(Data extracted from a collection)
━━━━━━━━
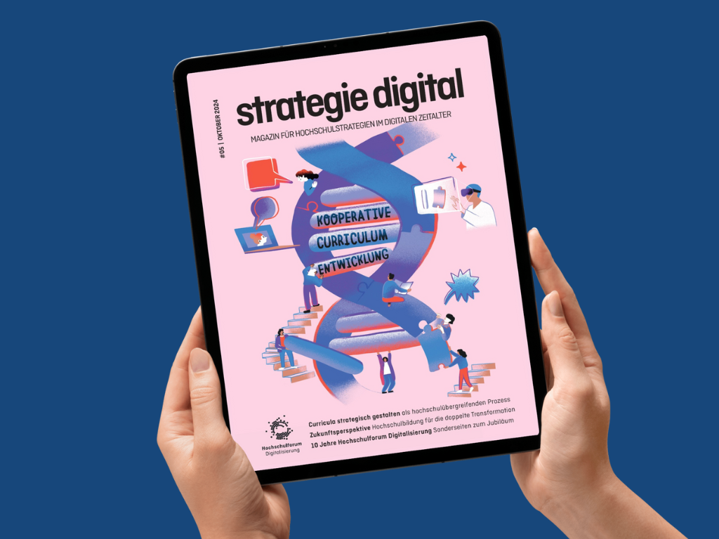 Das Magazin “strategie digital” wurde im Oktober 2021 gelauncht. Es richtet sich an die strategischen Entscheider*innen von Hochschulen und all diejenigen, die sich mit Hochschulstrategien im digitalen Zeitalter beschäftigen. Jede Ausgabe widmet sich einem Themenschwerpunkt. Die ersten vier Ausgaben haben sich den Themen “Partizipation”, “Blended University”, “(Digital) Leadership” und “Zukunftsorientierte Lernräume” gewidmet. Alle Ausgaben und weitere Informationen zum Magazin finden Sie auf der Webseite zum Magazin.
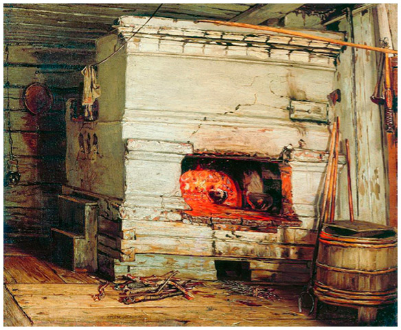 В крестьянской избе зимой.
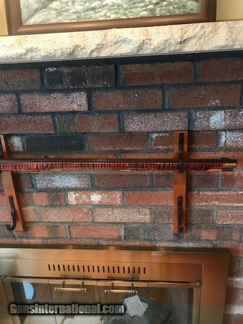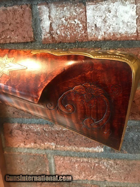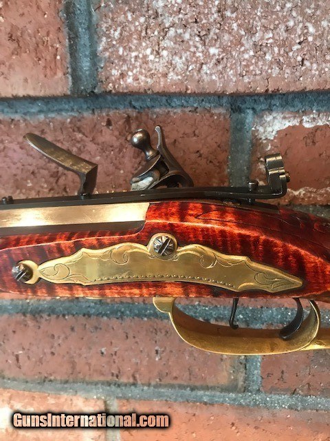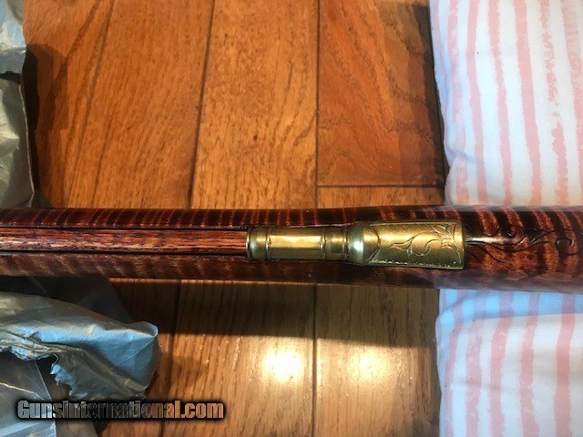 Description: Fine contemporary .50 cal flintlock rifle by C D Rinker with incised carved highly figured maple stock and finely engraved brass componets. Its pleasure to hold and points well with it 32" octagun barrel with a unique rear peep site aims like a dream. The rifle has a lage siler flintlock with proper well positioned vent hole for super fast ignition. The photos speaks for them selves. This rifle has the WOW factor. I am a reluctant seller but have to do what is I have to do and hope it goes to a good home and that it will be well taken care of. The rifle is mint and as in new condition. Wiil be shipped in a wooden box for safety flat rate 85.00. SOLD |
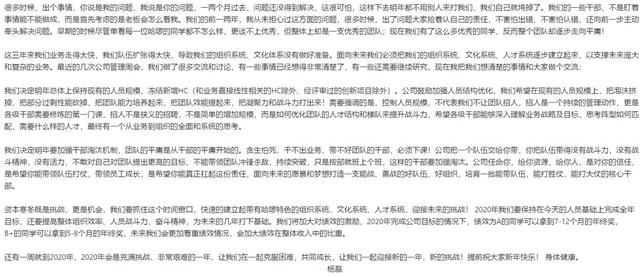 在这封内部信中,杨磊也提出了一些解决方案:2020年保持现有人员规模,冻结新增HC,希望在现有人员规模上挤掉泡沫,另外,要加强干部淘汰机制,带不好团队的干部必须下课。
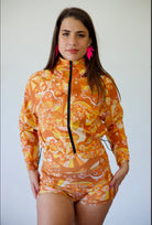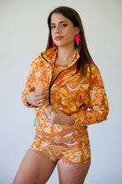 Our Blue Dream windbreaker is made for fashion and function. Printed in LA, this cropped windbreaker has adjustable sides and a full zip up front. 100% Drysense polyester.
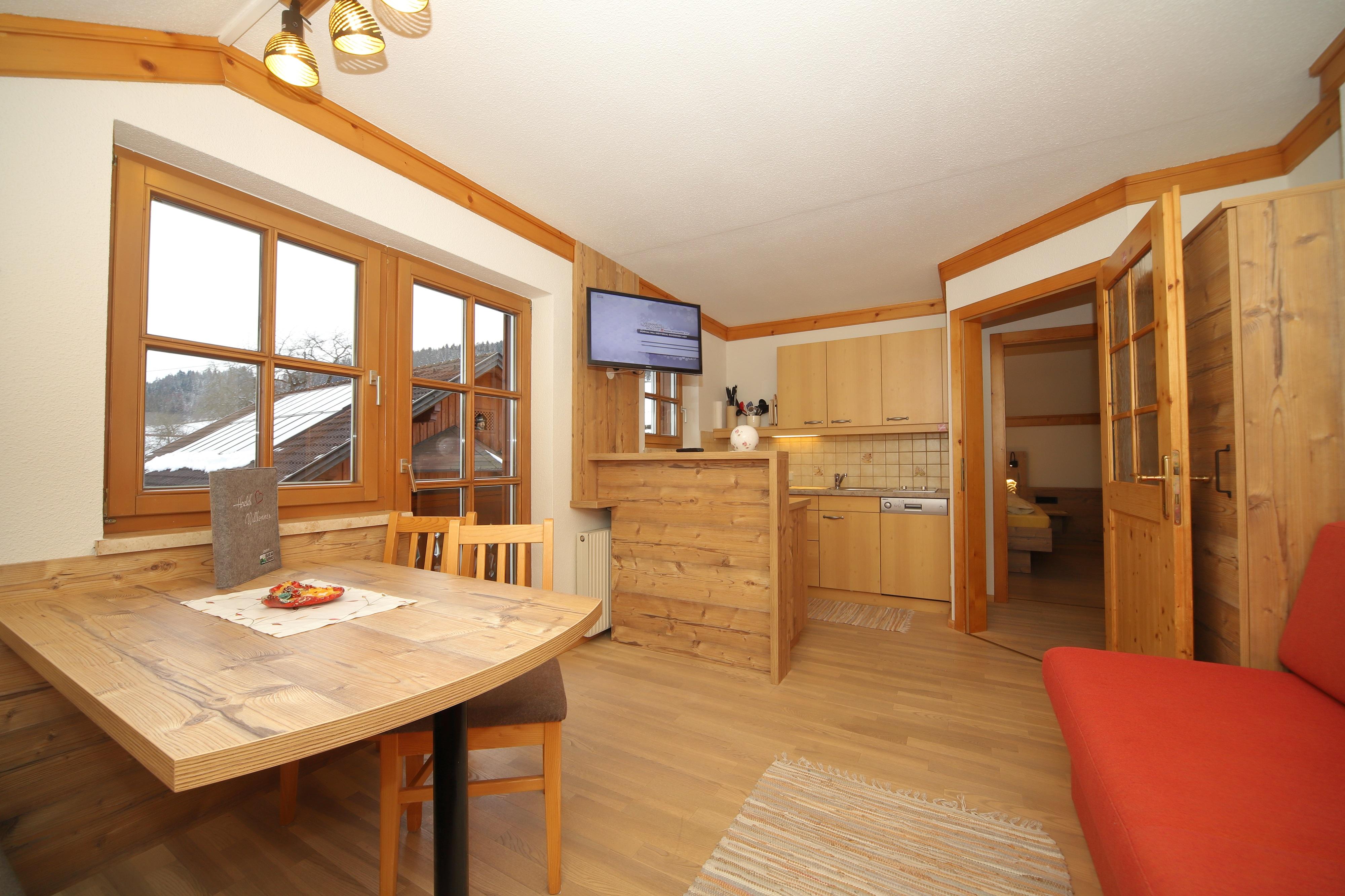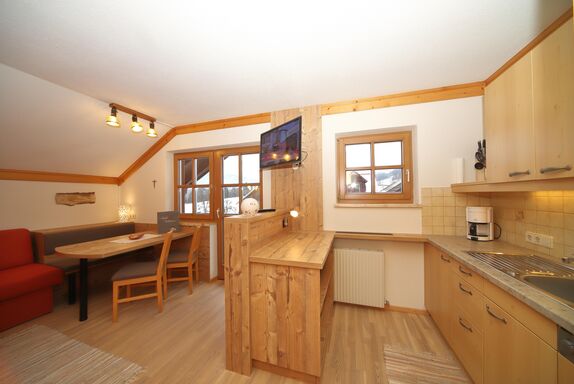 Dieses helle, freundliche Apartment. mit Blick Richtung Ramsau, Schladming und die Hochwurzen lädt zum Genießen und Ausruhen ein. Die Wohnung ist mit helle Fichtenholz-möbeln ausgestattet und liegt sehr sonnig und ruhig . Auf dem westseitig gelegenen Balkon kann man herrliche Sonnenuntergänge beobachten und dabei wunderbar entspannen. Apartment 6 ist ca. 40 m² groß, 1 Schlafraum, 1 Wohnschlafraum mit Küchenzeile, kleiner Vorraum, eigener Balkon, SAT TV und W-Lan. Geschirr und Besteck für 6 Pers. Mikrowelle, Wasserkocher, Kaffeemaschine und Geschirrspüler. Wir freuen uns auf Sie !
━━━━━━━━
What to work on:
Reproduce the entries above without change, omitting all pictures.

Written answer:
 Das Magazin “strategie digital” wurde im Oktober 2021 gelauncht. Es richtet sich an die strategischen Entscheider*innen von Hochschulen und all diejenigen, die sich mit Hochschulstrategien im digitalen Zeitalter beschäftigen. Jede Ausgabe widmet sich einem Themenschwerpunkt. Die ersten vier Ausgaben haben sich den Themen “Partizipation”, “Blended University”, “(Digital) Leadership” und “Zukunftsorientierte Lernräume” gewidmet. Alle Ausgaben und weitere Informationen zum Magazin finden Sie auf der Webseite zum Magazin.
 В крестьянской избе зимой.
 Description: Fine contemporary .50 cal flintlock rifle by C D Rinker with incised carved highly figured maple stock and finely engraved brass componets. Its pleasure to hold and points well with it 32" octagun barrel with a unique rear peep site aims like a dream. The rifle has a lage siler flintlock with proper well positioned vent hole for super fast ignition. The photos speaks for them selves. This rifle has the WOW factor. I am a reluctant seller but have to do what is I have to do and hope it goes to a good home and that it will be well taken care of. The rifle is mint and as in new condition. Wiil be shipped in a wooden box for safety flat rate 85.00. SOLD |
 在这封内部信中,杨磊也提出了一些解决方案:2020年保持现有人员规模,冻结新增HC,希望在现有人员规模上挤掉泡沫,另外,要加强干部淘汰机制,带不好团队的干部必须下课。
 Our Blue Dream windbreaker is made for fashion and function. Printed in LA, this cropped windbreaker has adjustable sides and a full zip up front. 100% Drysense polyester.
 Dieses helle, freundliche Apartment. mit Blick Richtung Ramsau, Schladming und die Hochwurzen lädt zum Genießen und Ausruhen ein. Die Wohnung ist mit helle Fichtenholz-möbeln ausgestattet und liegt sehr sonnig und ruhig . Auf dem westseitig gelegenen Balkon kann man herrliche Sonnenuntergänge beobachten und dabei wunderbar entspannen. Apartment 6 ist ca. 40 m² groß, 1 Schlafraum, 1 Wohnschlafraum mit Küchenzeile, kleiner Vorraum, eigener Balkon, SAT TV und W-Lan. Geschirr und Besteck für 6 Pers. Mikrowelle, Wasserkocher, Kaffeemaschine und Geschirrspüler. Wir freuen uns auf Sie !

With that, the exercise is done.